§ **ACTIVITY**
For this exercise, print the listing below exactly, without its pictures.

§ **THE DATA**

╭──

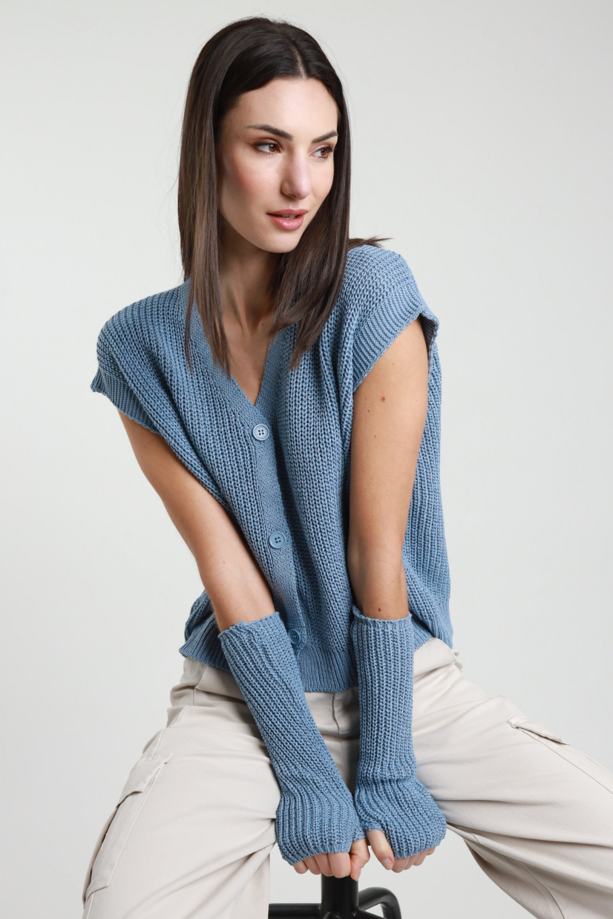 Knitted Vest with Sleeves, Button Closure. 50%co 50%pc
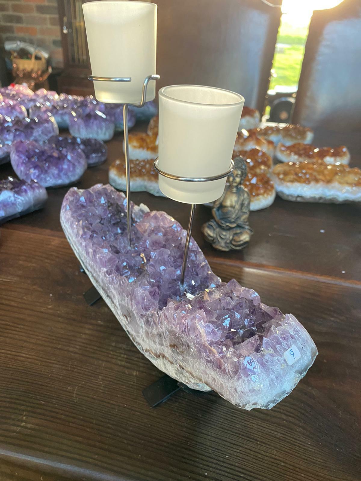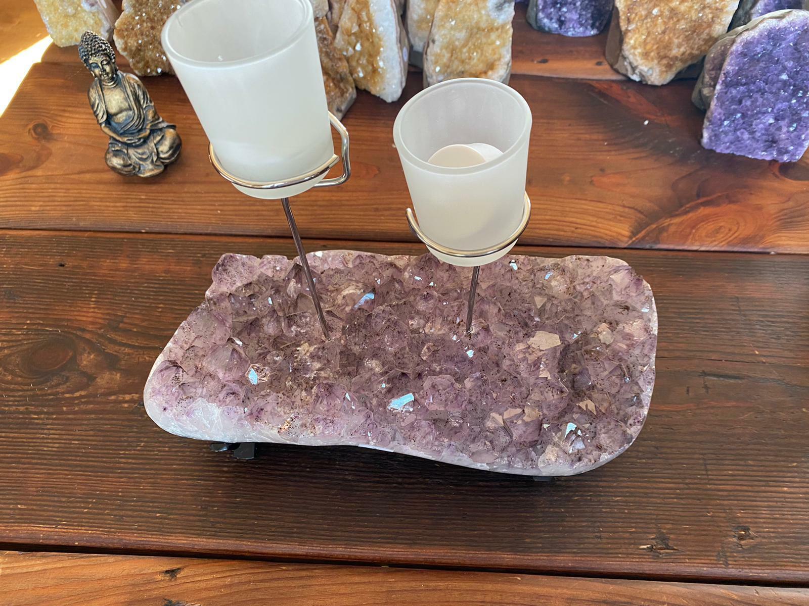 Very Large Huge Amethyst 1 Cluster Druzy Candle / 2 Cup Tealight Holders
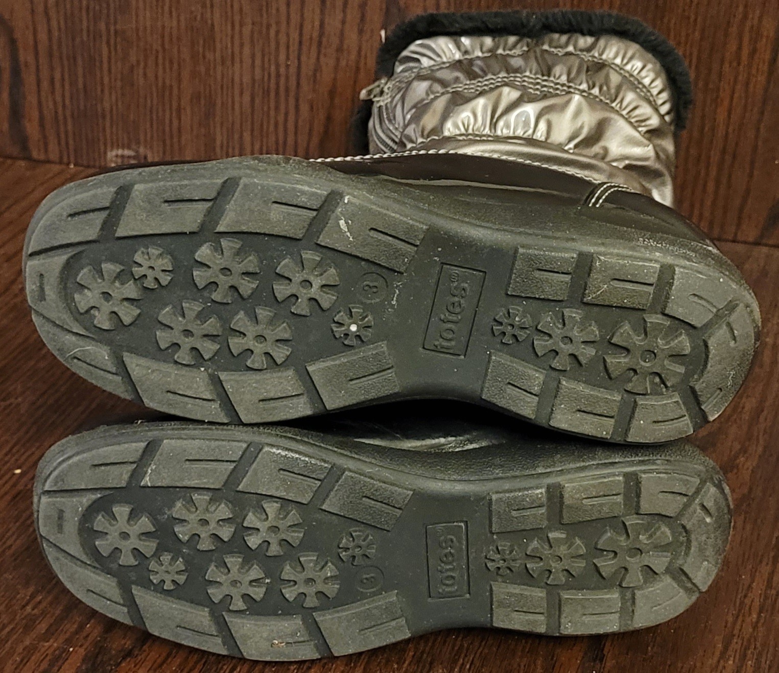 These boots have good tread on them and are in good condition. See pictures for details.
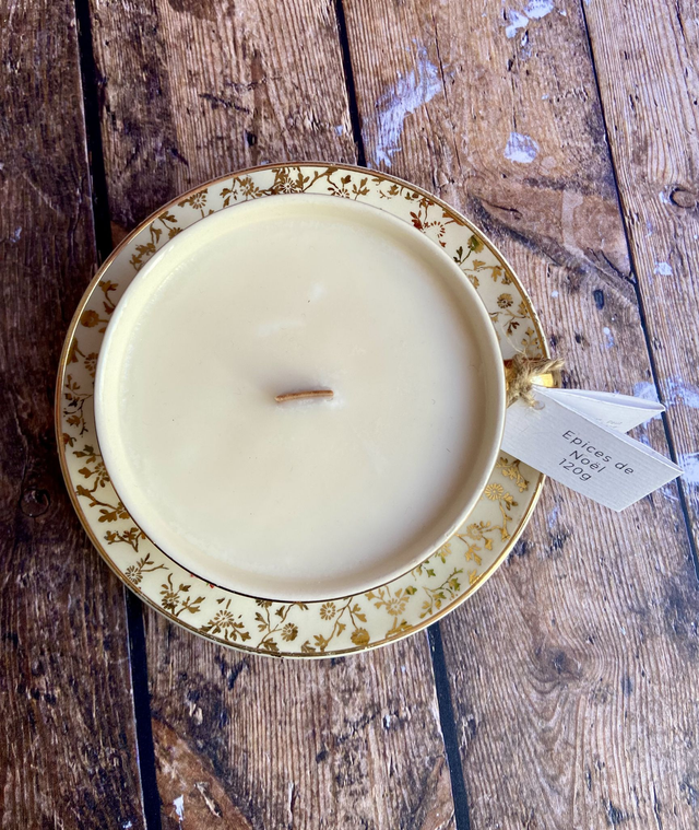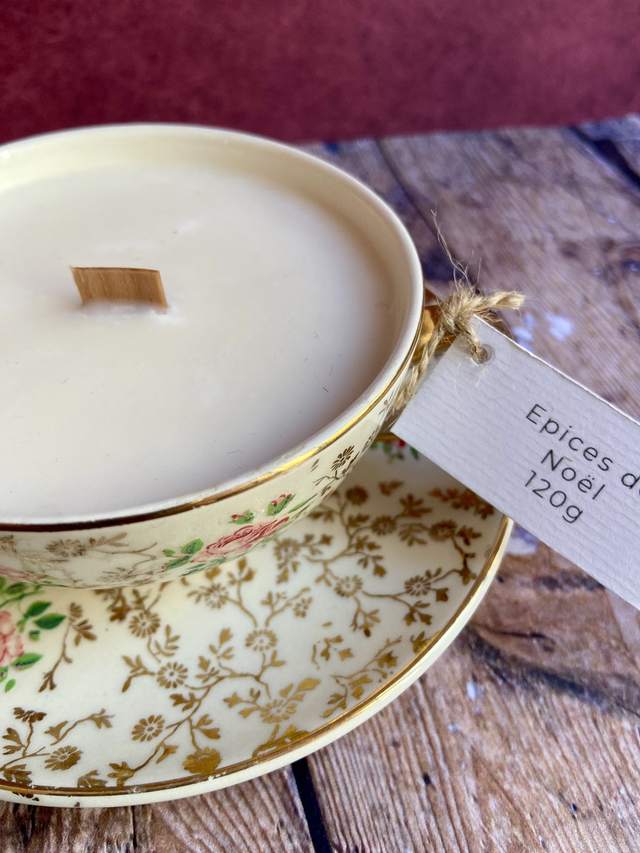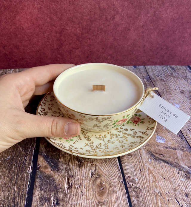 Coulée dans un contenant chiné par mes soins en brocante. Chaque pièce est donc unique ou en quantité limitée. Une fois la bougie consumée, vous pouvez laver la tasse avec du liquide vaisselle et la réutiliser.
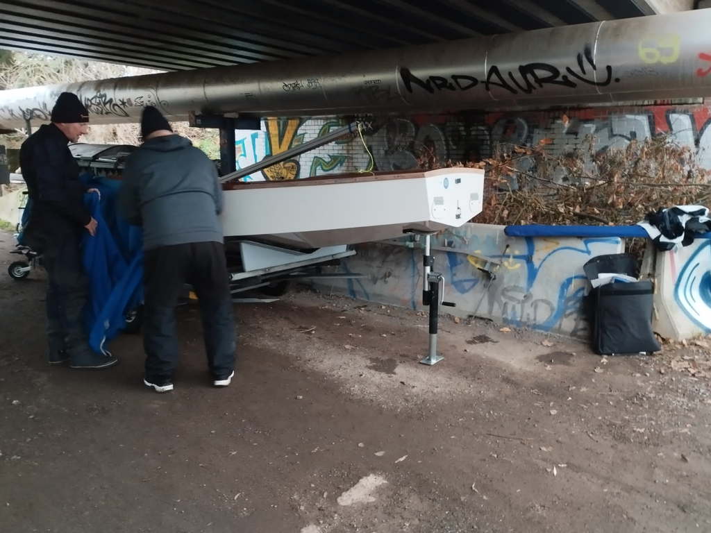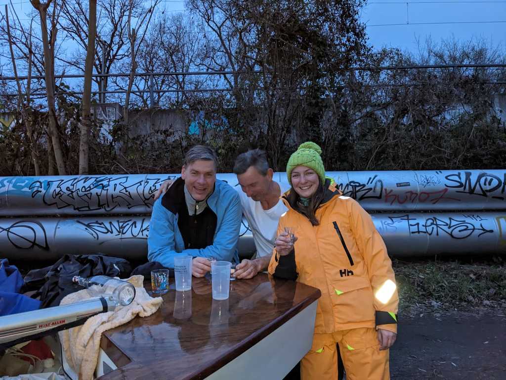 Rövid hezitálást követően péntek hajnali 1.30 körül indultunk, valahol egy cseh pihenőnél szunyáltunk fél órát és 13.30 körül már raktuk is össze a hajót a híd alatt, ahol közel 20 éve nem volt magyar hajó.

╰──

§ **FINISHED EXERCISE**
 Knitted Vest with Sleeves, Button Closure. 50%co 50%pc
 Very Large Huge Amethyst 1 Cluster Druzy Candle / 2 Cup Tealight Holders
 These boots have good tread on them and are in good condition. See pictures for details.
 Coulée dans un contenant chiné par mes soins en brocante. Chaque pièce est donc unique ou en quantité limitée. Une fois la bougie consumée, vous pouvez laver la tasse avec du liquide vaisselle et la réutiliser.
 Rövid hezitálást követően péntek hajnali 1.30 körül indultunk, valahol egy cseh pihenőnél szunyáltunk fél órát és 13.30 körül már raktuk is össze a hajót a híd alatt, ahol közel 20 éve nem volt magyar hajó.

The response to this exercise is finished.